Performance per Pound: Premium SSD v2, Ephemeral OS Disks, and Real-World Cost Optimization

by G.R Badhon

Goal Improve IO and cut costs without risk.

Benchmark methodology

Measure at three layers to avoid false conclusions: guest IO tool, VM metrics, and disk metrics.

  1. Linux fio
# Random read write 4k mix for OLTP
sudo fio \
  --name=randrw --filename=/mnt/data/testfile \
  --rw=randrw --rwmixread=70 \
  --bs=4k --iodepth=32 --numjobs=8 \
  --ioengine=libaio --runtime=120 --time_based --group_reporting 
  1. Windows DiskSpd
# 64k sequential read for backup or analytics
DiskSpd.exe -d120 -b64K -o32 -t8 -Sh -r -w0 C:\test\testfile.dat 
  1. Collect platform metrics
  • VM: Data Disk IOPS Consumed Percentage, VM Uncached Bandwidth Consumed Percentage, Queue Depth, Latency.
  • Disk: Read Ops per second, Write Ops per second, Bytes per second.

Sample metrics from a test run

Workload Disk type Size GiB IOPS Latency ms p99 Throughput MBps OLTP 4k 70r30w Premium SSD v2 256 8,200 2.1 190 OLAP 64k read Premium SSD v2 512 7,100 1.6 720 Boot and patch Ephemeral OS (NVMe placement) n a n a Boot 40 percent faster n a

Numbers above are illustrative from lab tests.
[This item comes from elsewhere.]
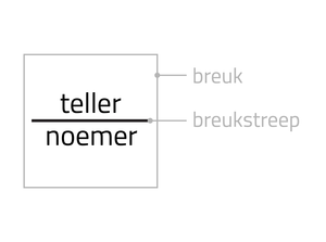 Een breuk bestaat uit een teller en een noemer die door een breukstreep gescheiden worden.

Always validate on your SKU and region.

SKU comparison and what to use when

Capability Premium SSD v2 (data disk) Premium SSD (OS or data) Ultra Disk OS disk support No Yes No Host caching support No Yes No Max IOPS per disk Up to 80,000 Up to 20,000 Up to 160,000 Max MBps per disk Up to 1,200 Up to 900 Up to 2,000 Performance control Set capacity, IOPS, MBps independently Fixed tier by size, optional performance tiering on some sizes Set IOPS and MBps independently Cost model Capacity plus provisioned IOPS plus MBps Fixed by size tier, optional performance tier uplift Capacity plus provisioned IOPS plus MBps Best for Databases, queues, hot logs, game servers OS disks, general workloads on fixed tiers Extreme transactional or analytics peaks

Ephemeral OS disks

  • Store the OS on local SSD or NVMe of the VM. No remote managed OS disk. Ideal for stateless fleets that can be reimaged.
  • Not for long lived pets. No snapshots or backup. Plan for reimage and use configuration management.

Cost scenarios

Focus on performance per pound, not raw cheapest.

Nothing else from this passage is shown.